All three studies reporting the percentage of RSV detection among subjects presenting with CAP were conducted in Chile. One study reported a considerable percentage of RSV identification (13.5%) among ambulatory patients (Luchsinger et al., 2012), while the remaining two (conducted in ambulatory patients admitted to the hospital and hospitalized patients) presented low percentages (1.3% and 2.9%, respectively) (Rioseco et al., 2012; Peñafiel et al., 2016).

Other conditions

Fernandes-Matano et al. detected RSV in 2.1% of adults aged ≥20 years with ILI or SARI, in Mexico.
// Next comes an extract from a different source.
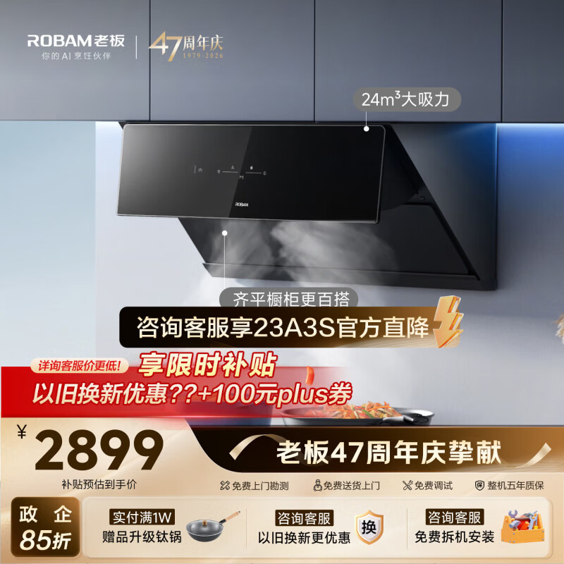 老板【三面拢烟侧吸】24风量油烟机抽烟机家用厨房好物以旧换新上门安装一级能效28D3S可配灶政府补贴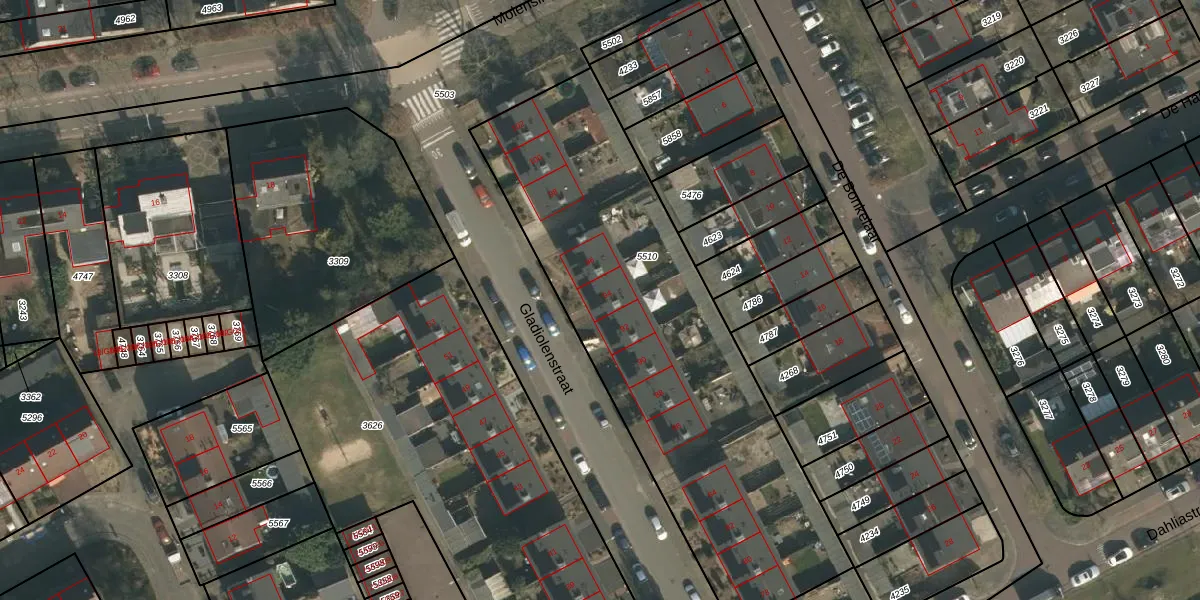 Gladiolenstraat 94 is gelegen op kadastraal perceel HMN01G5510. Deze kadastrale aanduiding is uniek en wordt gebruikt door het Kadaster om eigendomsrechten en andere zakelijke rechten vast te leggen. Het perceel maakt onderdeel uit van de kadastrale gemeente Heumen.

All RSV cases were diagnosed in hospitalized patients (Fernandes-Matano et al., 2017). Monteiro et al. reported very low percentages (0.4%) of RSV detection among patients aged ≥20 years with SARS, in Brazil (Monteiro et al., 2016). Finally, De Lima CRA et al. reported that 19 respiratory viruses were detected in transplant patients presenting with fever, cough, and headache, plus at least one of the following symptoms: rhinorrhea, coryza, arthralgia, myalgia, prostration, sore throat, chest pain, abdominal pain, or nasal congestion. RSV was the second most prevalent virus (20%), behind parainfluenza virus III (32%) (de Lima et al., 2014).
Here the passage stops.